В первый послевоенный год, еще будучи армейским офицером, я оказался в Новосибирске, где незадолго до того на сорок втором году жизни скончался Соллертинский и где о нем вспоминали с восхищением и любовью. Как и все старые ленинградцы, я отлично помню неповторимую ораторскую манеру Соллертинского, его своеобразный облик универсального знатока всех девяти муз искусства.

Впрочем, может быть, мне только кажется, что я помню самого Соллертинского? Может быть, перед моими глазами просто-напросто стоит Андроников, с такой поразительной силой воссоздающий образ своего покойного друга?..

В книгу Ираклия Андроникова «Я хочу рассказать вам…» вошло блестяще написанное «Слово о Соллертинском»: «Между пюпитрами торопливо пробирается к дирижерскому пульту высокий молодой человек, не очень молодой с виду. Голова слегка откинута назад и словно втянута в плечи, движения несколько угловаты. Поднявшись на дирижерскую подставку, он обращается к залу – лицо без красок, с крупными чертами, пухлые губы, маленькие глаза. Но в них все дело, в серо-зеленых, глубоких, пронзительно-умных глазах, полных огня и мысли, в их быстром и чрезвычайно влиятельном взгляде. Голос ломкий, эмоциональная речь тороплива, ускорена. Но великолепная, утрированно-четкая дикция позволяет слышать в огромном концертном зале каждое слово».

Цитировать эти строки – истинное наслаждение!

Прежде всего они с необыкновенной точностью воспроизводят облик Ивана Ивановича. Но это еще не все. Как они написаны! Чего стоит только влиятельный взгляд Соллертинского! Как точно сказано о его утрированно-четкой дикции! Кстати, именно эту утрированную четкость с удивительной похожестью воссоздает Андроников в своих устных рассказах о Соллертинском.

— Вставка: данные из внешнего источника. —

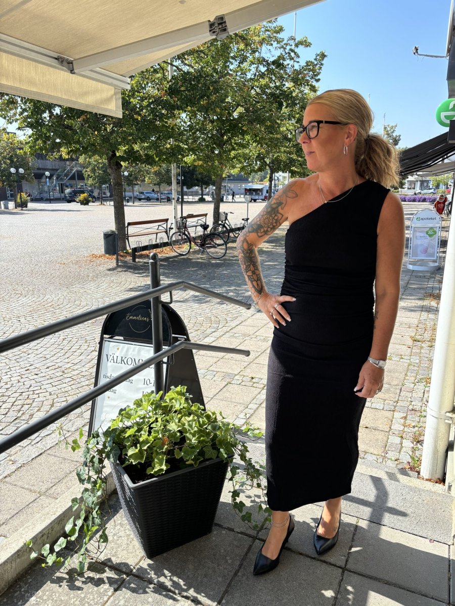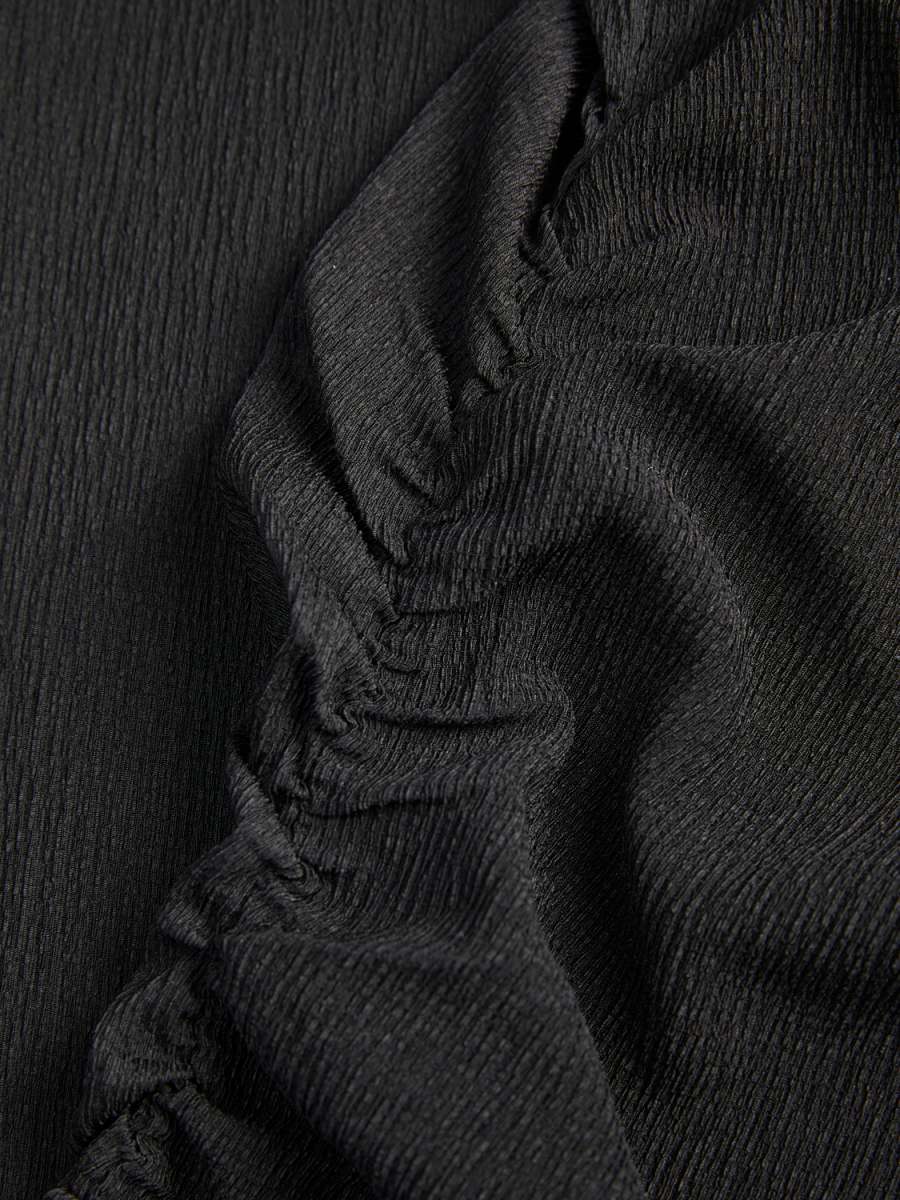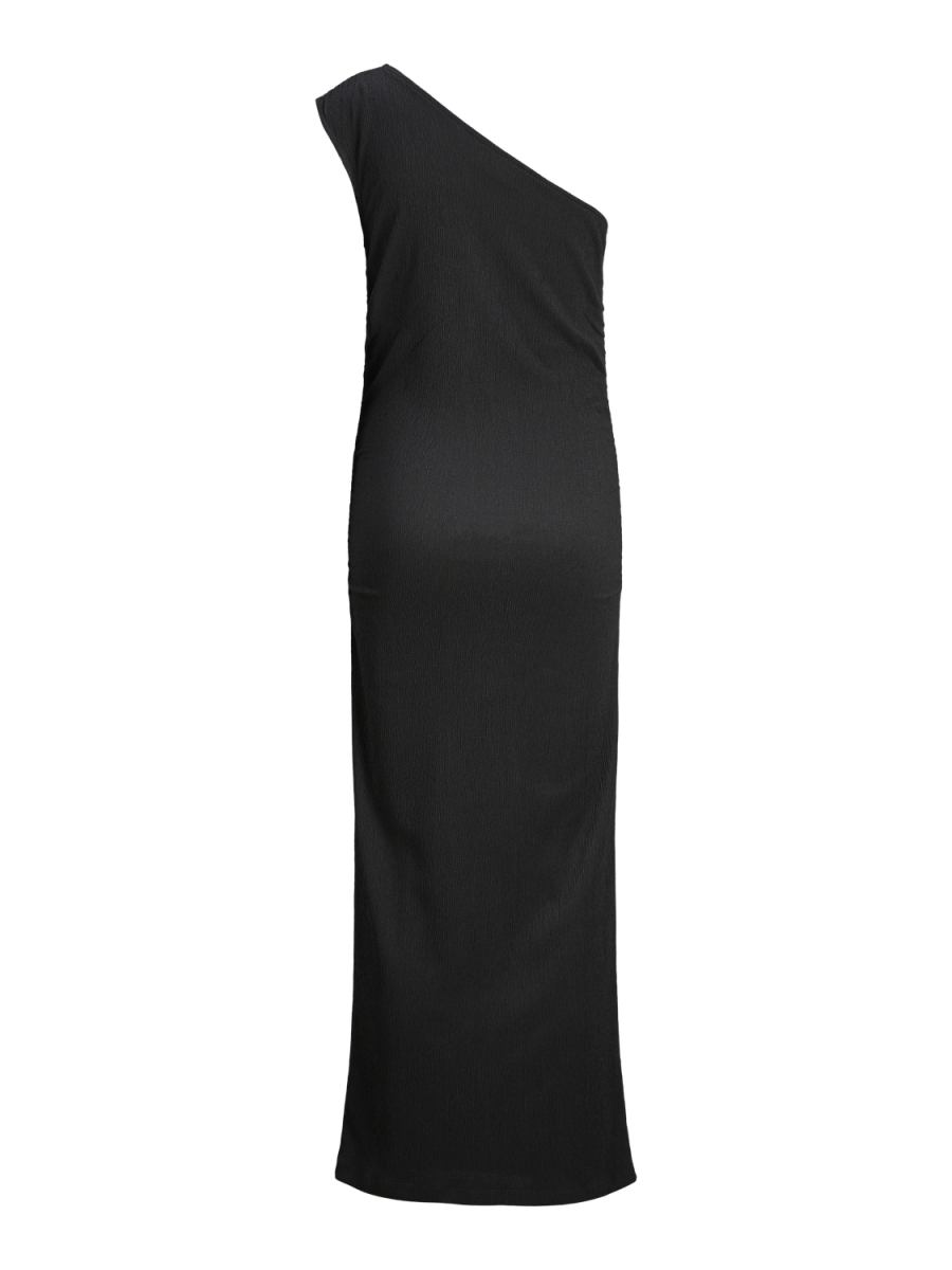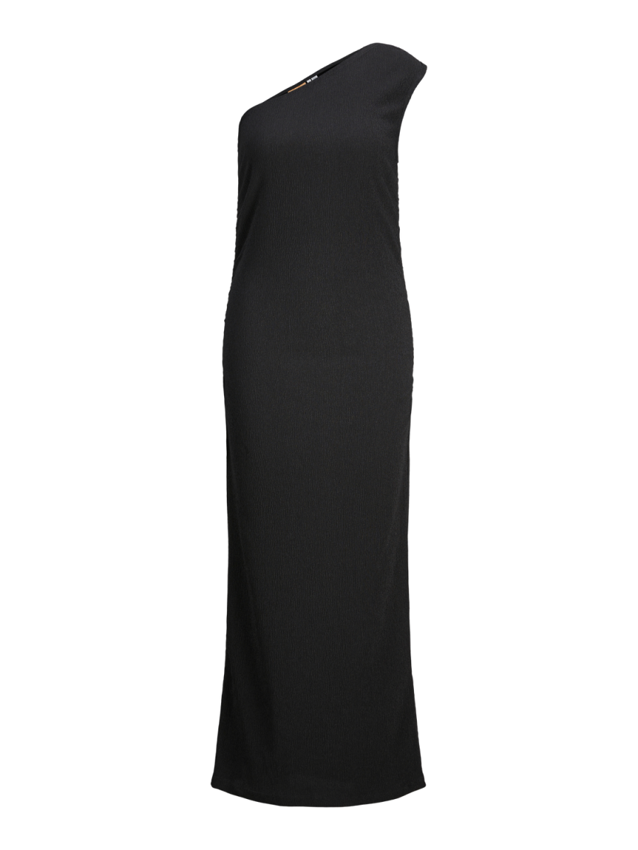One shoulder klänning med rynkdetaljer i sidorna. Tajt modell med stretch.

Посвященное Д. Шостаковичу «Слово о Соллертинском» написано как бы одним взмахом, на одном дыхании. Так можно написать только о человеке, который сыграл в твоей жизни совершенно особую роль, был твоим другом и остался в твоей памяти навсегда.

Каждый из образов Ираклия Андроникова необыкновенно близок и дорог автору. Таковы, например, бесконечно обаятельные образы А. Толстого и В. Качалова, возникшие еще в довоенные годы.

Таков поистине незабываемый образ генерала Чанчибадзе, появившийся в годы войны, которые Ираклий Луарсабович провел на Калининском, Южном и Закавказском фронтах, претерпевая все тяготы походной жизни и в то же время не уставая копить наблюдения для новых рассказов.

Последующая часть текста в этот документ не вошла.